Иногда автор бывает к нему беспощаден. Больше всего это проявилось, пожалуй, в следующем эпизоде: Джон Люис, выведенный из себя пренебрежительным отношением всех тех, кто окружает госпожу Груффид-Уильямс, решается по телефону высказать ей все, что он таил про себя долгое время. Он бросает в телефонную трубку гневные, взволнованные слова, но — о ирония судьбы! — рычаг телефона оказывается не переведенным, и все его тирады произносятся впустую.

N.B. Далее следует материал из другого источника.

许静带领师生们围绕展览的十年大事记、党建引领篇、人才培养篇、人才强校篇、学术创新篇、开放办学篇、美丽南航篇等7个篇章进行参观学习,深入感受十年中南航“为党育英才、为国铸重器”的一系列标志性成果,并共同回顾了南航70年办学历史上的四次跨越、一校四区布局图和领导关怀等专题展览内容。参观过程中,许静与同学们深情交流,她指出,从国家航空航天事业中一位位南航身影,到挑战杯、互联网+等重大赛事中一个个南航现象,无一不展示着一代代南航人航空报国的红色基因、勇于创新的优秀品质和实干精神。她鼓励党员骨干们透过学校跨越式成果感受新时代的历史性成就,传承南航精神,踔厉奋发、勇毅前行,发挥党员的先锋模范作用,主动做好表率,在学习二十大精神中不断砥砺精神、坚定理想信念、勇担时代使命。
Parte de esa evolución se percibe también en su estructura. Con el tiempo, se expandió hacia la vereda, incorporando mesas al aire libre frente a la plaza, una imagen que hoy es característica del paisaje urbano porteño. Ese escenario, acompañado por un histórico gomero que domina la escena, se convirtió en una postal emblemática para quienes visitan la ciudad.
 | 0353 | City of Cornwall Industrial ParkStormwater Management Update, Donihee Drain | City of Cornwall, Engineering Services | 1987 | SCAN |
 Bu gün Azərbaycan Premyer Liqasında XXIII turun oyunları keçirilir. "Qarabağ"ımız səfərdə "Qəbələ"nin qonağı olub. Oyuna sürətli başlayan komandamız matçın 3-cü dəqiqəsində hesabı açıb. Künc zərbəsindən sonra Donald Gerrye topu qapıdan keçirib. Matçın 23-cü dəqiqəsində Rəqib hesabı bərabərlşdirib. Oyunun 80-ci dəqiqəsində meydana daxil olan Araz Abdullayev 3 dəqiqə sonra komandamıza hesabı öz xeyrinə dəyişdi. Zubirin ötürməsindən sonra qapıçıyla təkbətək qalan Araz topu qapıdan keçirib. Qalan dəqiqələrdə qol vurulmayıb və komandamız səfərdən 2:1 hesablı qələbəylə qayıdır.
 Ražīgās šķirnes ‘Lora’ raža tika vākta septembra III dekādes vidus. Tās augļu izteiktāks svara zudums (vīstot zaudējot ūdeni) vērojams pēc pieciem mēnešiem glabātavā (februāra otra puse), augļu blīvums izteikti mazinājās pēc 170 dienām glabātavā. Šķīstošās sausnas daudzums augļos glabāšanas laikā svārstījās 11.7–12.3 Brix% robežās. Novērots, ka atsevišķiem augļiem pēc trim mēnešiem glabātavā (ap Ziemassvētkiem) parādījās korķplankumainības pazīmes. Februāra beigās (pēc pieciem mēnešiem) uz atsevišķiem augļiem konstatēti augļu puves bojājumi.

Закрыв книгу, читатель испытывает чувство обиды из-за того, что бесспорные возможности автора, его наблюдательность, его сатирический дар оказались далеко не использованными. Разумеется, изложение сюжета, даже самое подробное, не может дать полного представления об атмосфере любой рецензируемой книги, об особом, неповторимом чувстве, которое ее пронизывает, которое читатель ощущает в каждой особенно милой автору детали, в каждом, даже мелком штрихе. А в книге Эмиса прежде всего ощущаешь какую-то ограниченность, пустоту мира его героев, в первую очередь его главного героя. Круг интересов Люиса, человека образованного и, что называется, с интеллектуальными запросами (он не без кокетства называет себя «поэтом» и «мечтателем»), предельно узок и мал. Нельзя не заметить и вневременность происходящего: если бы не случайное упоминание имен современников и событий, можно было с равным основанием предположить, что действие книги происходит и сто лет назад. Какая-то атмосфера равнодушия, холодного цинизма характерна для книги. Кажется, что автор потратил немало усилий для того, чтобы его персонажи выглядели поистине маленькими людьми.

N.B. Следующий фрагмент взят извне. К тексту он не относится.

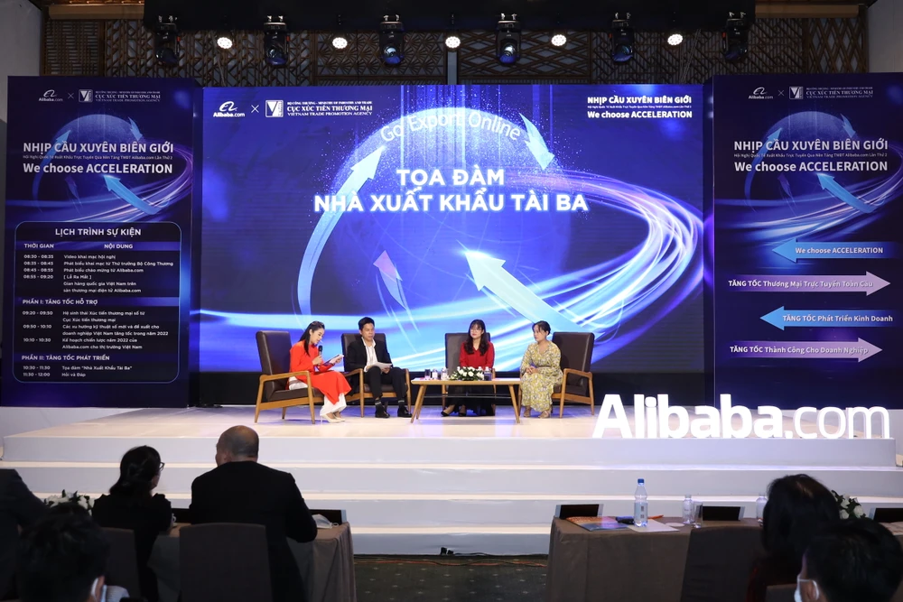 | Ông Vũ Bá Phú, Cục trưởng Cục xúc tiến Thương mại kỳ vọng, việc kết hợp với sàn Alibaba.com là sàn bán sỉ có lượng người mua sỉ lớn từ hơn 190 quốc gia, vùng lãnh thổ, các ngành như nông sản, thực phẩm chế biến- đóng gói, hàng tiêu dùng, thủ công mỹ nghệ, may mặc, cơ khí chế tạo, chế phẩm nhựa và chất dẻo, bao bì đóng gói của Việt Nam hoàn toàn có lợi thế cạnh tranh trên sàn Alibaba.com về chi phí giá thành. "Đặc biệt, thông qua hoạt động thương mại số, các doanh nghiệp vừa và nhỏ, hoàn toàn có thể xuất khẩu sản phẩm mang chính tên mình, vượt lên bóng lưng của ông lớn để khách hàng nhớ mặt, gọi tên, tìm chỗ đứng trong thị trường ngoài nước"- ông Phú chia sẻ. |

Какая пропасть между этой натуралистичностью описаний, этой холодной позицией авторского безучастия и той горячей любовью к человеку, которая вдохновляла так много прекрасных произведений мировой литературы, неразрывно связанных с традицией Гоголя и Диккенса. Ведь для них-то злоключения «маленьких людей» — Акакия Акакиевича и Оливера Твиста — были большой человеческой трагедией. Увы, можно опасаться, что иные современные авторы способны считать проявление писателем подлинного чувства всего лишь признаком устарелого сентиментализма.

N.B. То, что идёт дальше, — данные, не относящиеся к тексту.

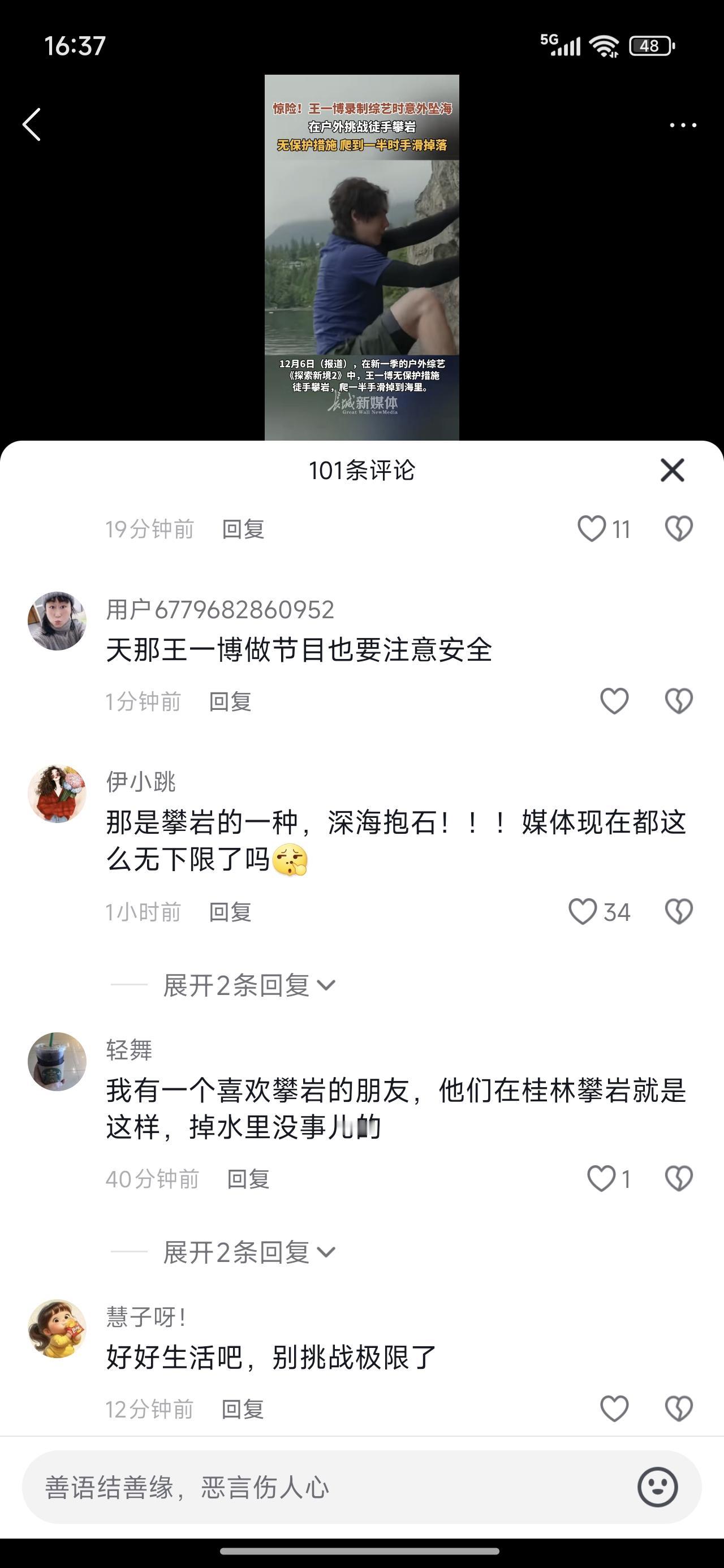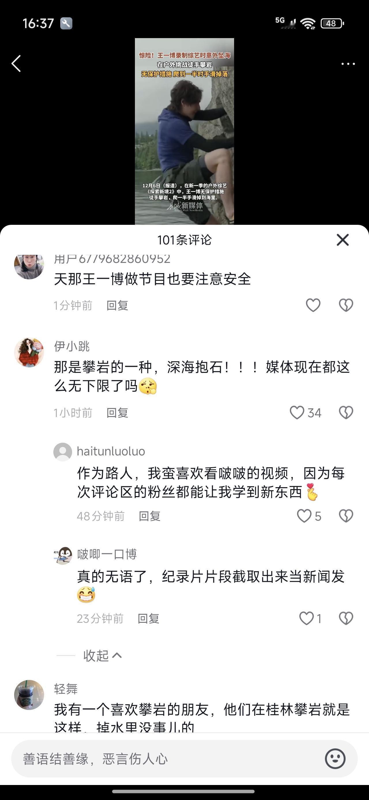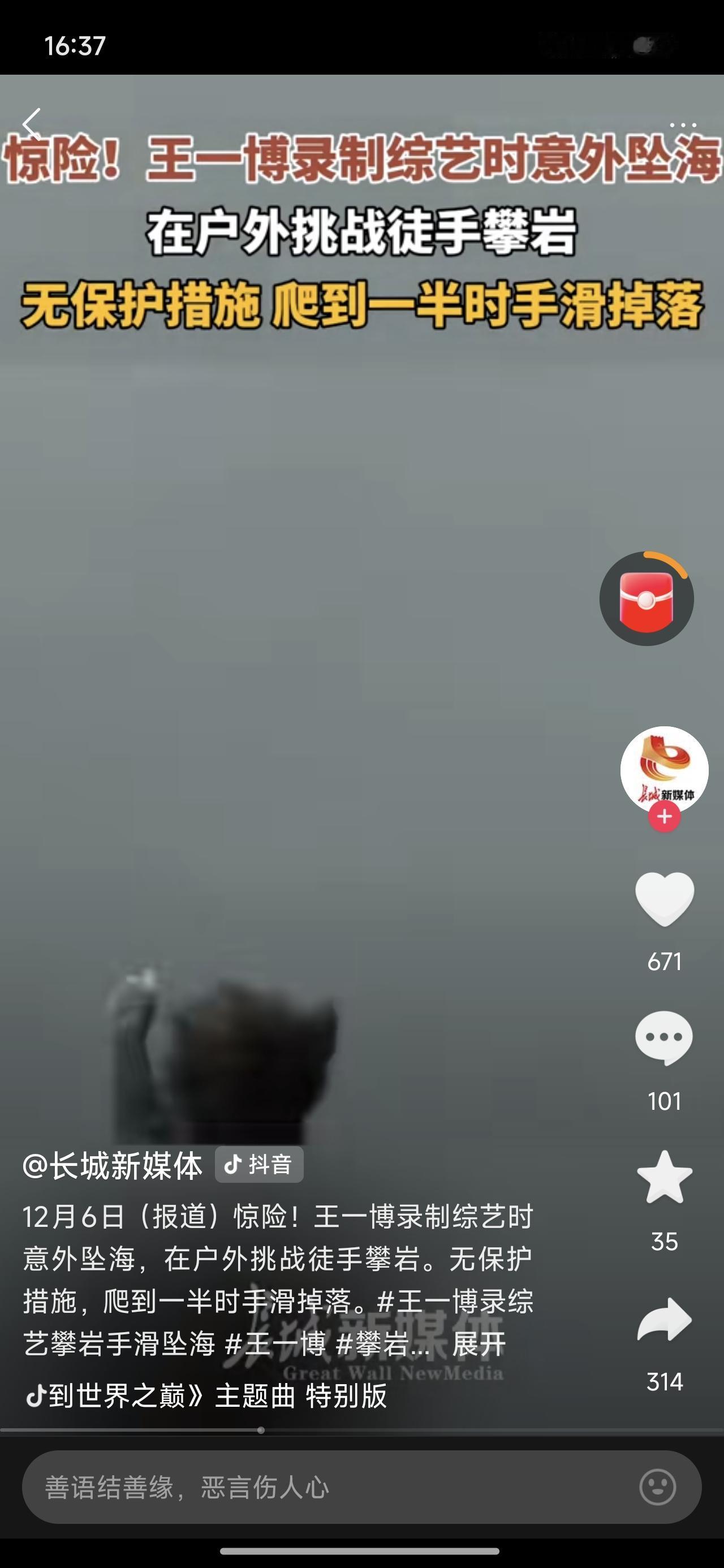 王一博攀岩不小心坠海? 一看这标题,我赶紧点进去看看,是摔哪了,要不要紧啊!王一博 王一博纪录片 哪知道人家只是在拍纪录片。 现在这自媒体能蹭的热度就一定用文字蹭上!真受不了了!一天天活的虚情假意的。不是这个明星离婚,就是那个明星出轨。好没意思啊! 在家把网拔了又怕错过千万富豪睁眼瞎爱上独居带娃吭哧瘪肚的我! 算了,睡一会儿吧!再吃肚子快炸了!王一博探险
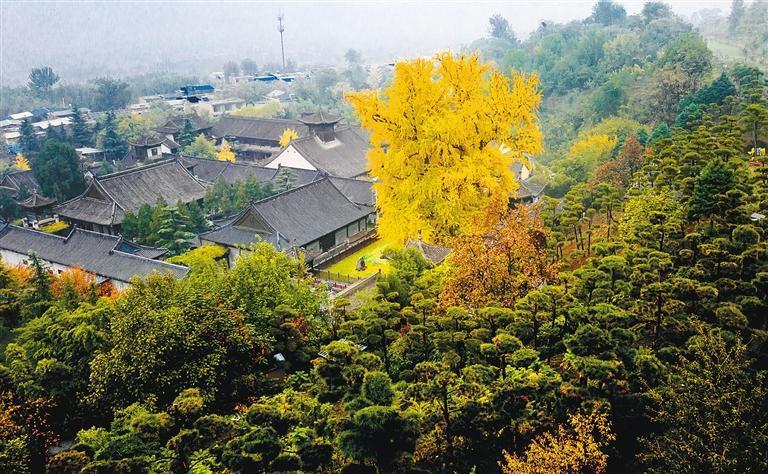 10月26日,终南山下古观音禅寺的千年银杏树披上“黄金甲”,满树黄叶,在青山的怀抱中格外显眼,蔚为壮观。

Конечно, едва ли кто-либо станет оспаривать право Эмиса или какого-нибудь другого писателя избирать таких героев и изображать такие события их жизни, которые ему, автору, кажутся заслуживающими внимания. Но надо прямо сказать, если авторы такого рода книг представляют нам этих персонажей как тип «среднего человека» наших дней, то читатель вправе отнестись к подобного рода рекомендациям с сомнением.
[…]
Л-ра: Иностранная литература. – 1956. – № 10. – С. 183-185.